Waveform vs spectrogram vs mel-spectrogram

Top: Waveform (raw sound)

Middle: Spectrogram (sound as an image!)

Bottom: Mel-spectrogram (adjusted for human hearing, with more resolution for lower frequencies and less for higher frequencies)

Source: Bäckström et al (2026)

What the AI “sees” in your voice

In a spectrogram:

  • Horizontal axis: Time (left to right)
  • Vertical axis: Pitch (low notes at bottom, high at top)
  • Colour/brightness: How loud that frequency is

What patterns can AI find?

  • Your unique voice “fingerprint”
  • The difference between “cat” and “bat”
  • Emotion (are you happy? angry? tired?)
  • Whether you’re speaking or singing
  • What language you’re using

Fun fact: Dogs, cats, and humans all have distinctive spectrogram patterns! 🐕🐱👤

Mel spectrogram of speech.
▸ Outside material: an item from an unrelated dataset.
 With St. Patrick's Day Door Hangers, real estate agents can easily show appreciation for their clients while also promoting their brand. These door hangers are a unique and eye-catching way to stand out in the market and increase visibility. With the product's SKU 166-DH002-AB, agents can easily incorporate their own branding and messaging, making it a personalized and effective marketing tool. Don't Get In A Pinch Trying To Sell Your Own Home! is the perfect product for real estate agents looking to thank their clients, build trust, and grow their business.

The first row is by an individual with high-pitched voice, the second row is by an individual with low-pitched voice

Source: Schnupp et al (2012)

Activity: See your own voice! 🎤

Spectrograms in real-time

Try this later:

  1. Go to musiclab.chromeexperiments.com/Spectrogram
  2. Allow microphone access
  3. Watch what happens when you:
    • Hum a low note vs a high note
    • Say “aaaah” vs “eeeeh” vs “ooooh”
    • Whistle
    • Snap your fingers or clap

What to notice:

  • Low sounds appear at the bottom, high sounds at the top
  • Vowels create stable horizontal bands
  • Percussive sounds (claps) create vertical spikes
  • Your voice has a unique pattern, like a fingerprint!

Spectrogram of a drum machine

musiclab.chromeexperiments.com/Spectrogram

Try making different sounds and watch the patterns!
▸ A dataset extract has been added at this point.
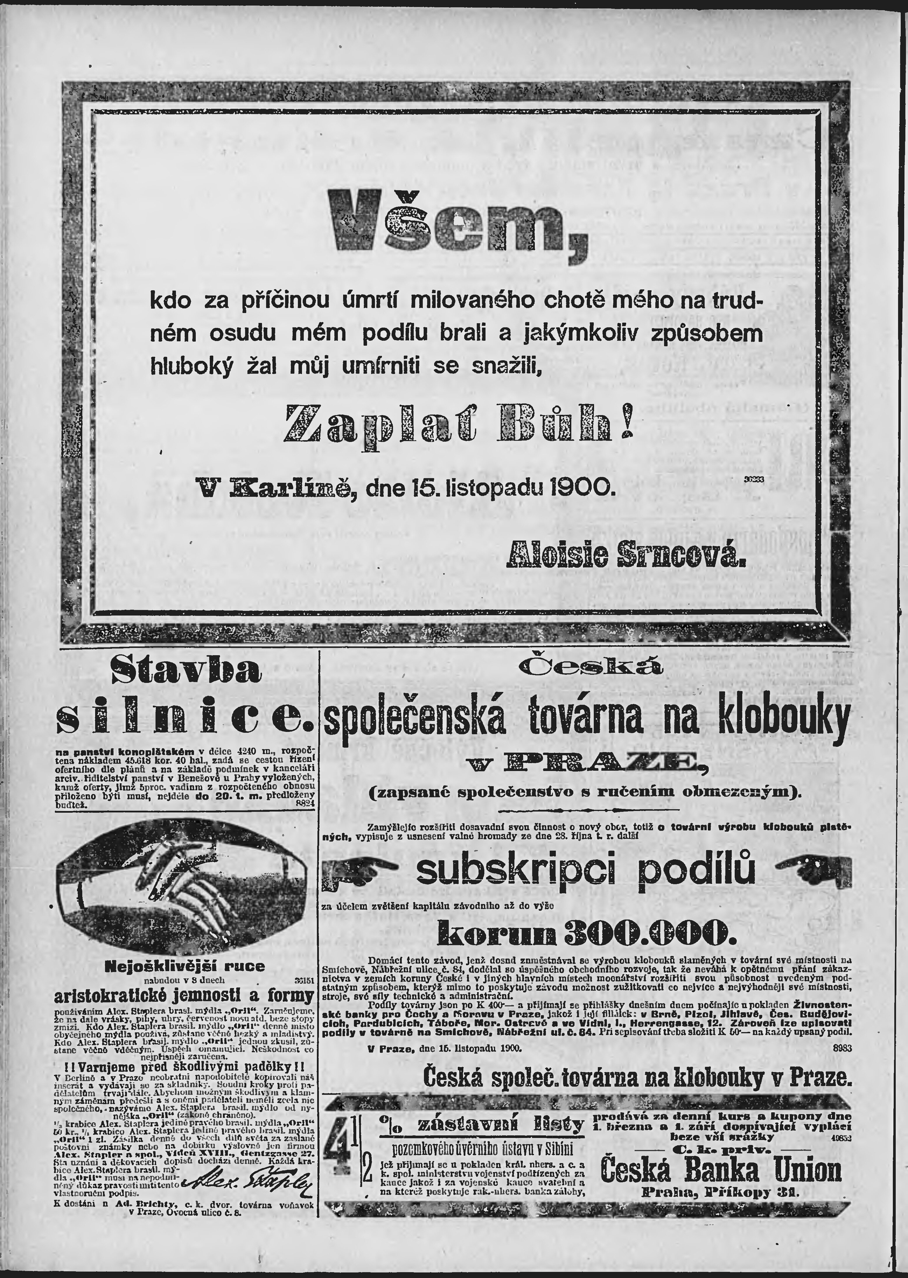 * Datum vydání výtisku: 15.11.1900 Číslo výtisku: 316 Poznámky k výtisku: ranní vydání;

Whisper: How Siri and Alexa understand you

Whisper is OpenAI’s speech recognition system:

  • Trained on 680,000 hours of audio from the internet
  • Understands 99 languages!
  • Can handle accents, background noise, different speaking styles
  • Completely open source and free

How it works:

  1. Slice: Break audio into short windows (typically 25ms)
  2. FFT: Convert each window from waveform to frequencies (how much of each frequency is present)
  3. Mel mapping: Apply mel scale to match human perception
  4. Stack: Create 2D spectrogram from all windows
  5. Process: Use Transformers, same as text and images!
  6. Context: Use context (attention) to predict next tokens

This powers much of what Siri, Alexa, and Google Assistant do!
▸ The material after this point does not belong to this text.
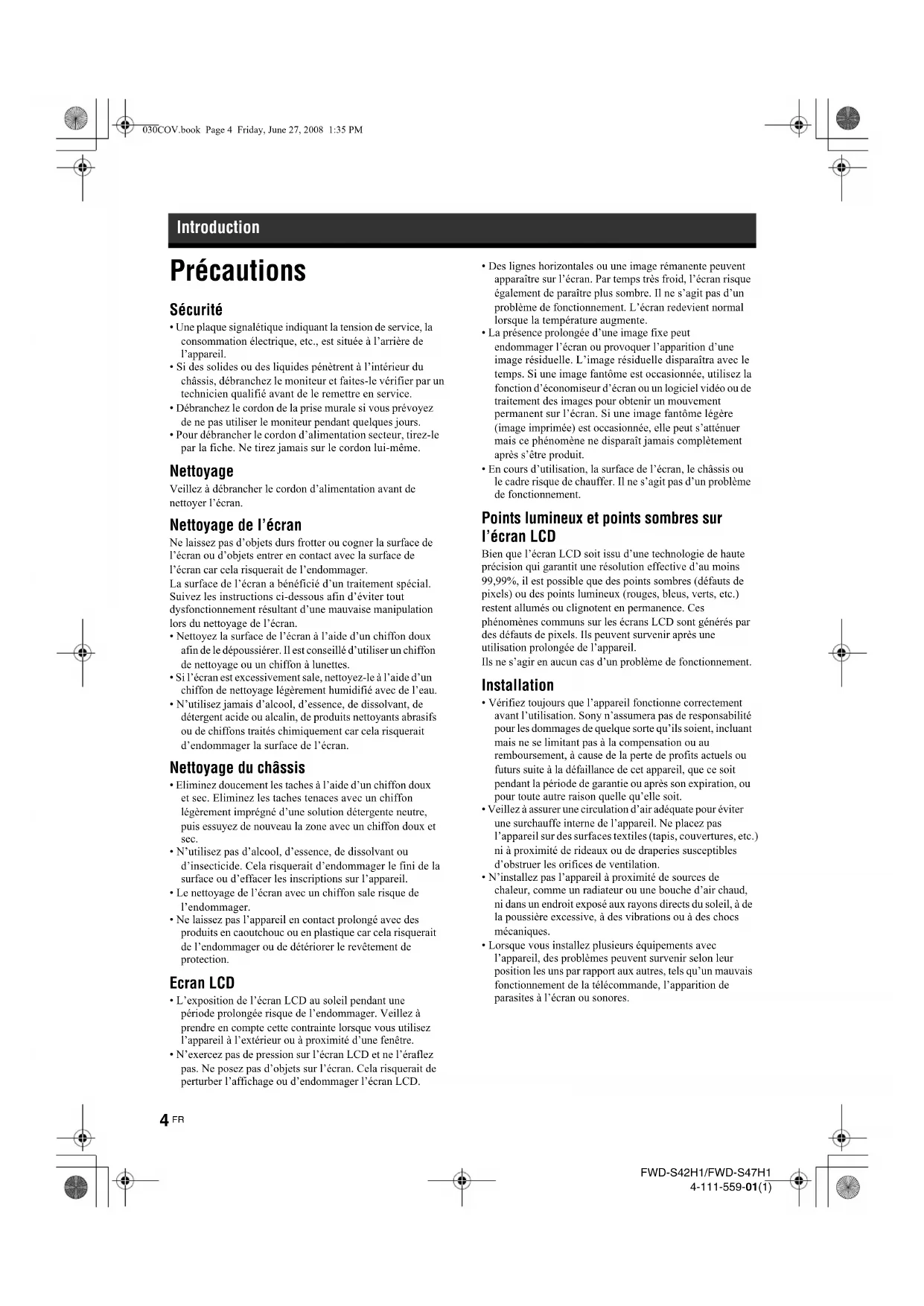Remballage Conservez le carton ainsi que les matériaux d’emballage. Vous pourriez en avoir de nouveau besoin pour transporter l’appareil ultérieurement. Lors du transport de l’appareil, remballez-le comme illustré sur le carton. Pour toute question au sujet de cet appareil, consultez un distributeur Sony agréé. Elimination des appareils électriques et électroniques professionnels en fin de vie (Applicable dans les pays de l’Union Européenne et aux autres pays européens disposant de systèmes de collecte sélective) Ce symbole, apposé sur le produit ou sur son emballage, indique que ce produit ne doit pas être traité avec les déchets ménagers. Il doit être déposé dans un point de collecte spécialisé dans le recyclage des équipements électriques et électroniques. En s’assurant que ce produit est bien mis au rebut de manière appropriée, vous aiderez à prévenir les conséquences négatives potentielles pour l’environnement et la santé humaine. Le recyclage des matériaux aidera à conserver les ressources naturelles. Pour toute information supplémentaire concernant le recyclage de ce produit, contactez votre centre Sony local ou consultez le site web de Sony pour l’Europe destiné aux professionnels : http://www.sonybiz.net/environment 030COV.book Page 5 Friday, June 27, 2008 1:35 PMFWD-S42H1/FWD-S47H14-111-559-01(1)

Activity: Test speech recognition! 🎤

Let’s try the Whisper demo:

huggingface.co/spaces/openai/whisper

Experiments to try at home:

  1. Record yourself speaking normally
  2. Try speaking with an accent
  3. Record with background noise (music, talking)
  4. Try a different language if you speak one!
  5. Speak very fast or very slow

Observe:

  • What does it get right? Wrong?
  • Does it understand your accent?
  • What about punctuation—who decides where sentences end?

Hugging Face Whisper demo

AI can compose music now 🎵

Suno.ai and AI music

Suno.ai generates complete songs from text prompts:

  • Give it a description: “upbeat pop song about studying for exams”
  • It creates: melody, harmony, rhythm, AND vocals!
  • A full song in about 30 seconds

How does it work?

  • Trained on millions of hours of music
  • Learns patterns: chord progressions, song structures, vocal styles
  • Uses the same “sound → numbers → AI” pipeline we discussed

The questions this raises:

  • Anyone can now create professional-sounding music
  • But: Who owns AI-generated music?
  • Some AI songs sound eerily similar to real artists
  • Musicians worry about their livelihoods

Suno AI music generation

suno.ai — Try generating your own song!

Discussion: If AI creates a song that sounds like Taylor Swift, is that copying? Should it be legal?

The Big Picture 🌐

The main idea: Everything becomes numbers

  • So… whether it’s text, images, or audio…
  • Everything gets converted to embeddings!
  • Same mathematical representation:
    • Text token → 4096-dimensional vector
    • Image patch → 4096-dimensional vector
    • Audio segment → 4096-dimensional vector
  • Once in embedding space, the LLM doesn’t know the original modality!
  • This enables true multimodal understanding

All modalities converge to embeddings

Text, images, and audio all become the same kind of numbers—then AI can understand them together!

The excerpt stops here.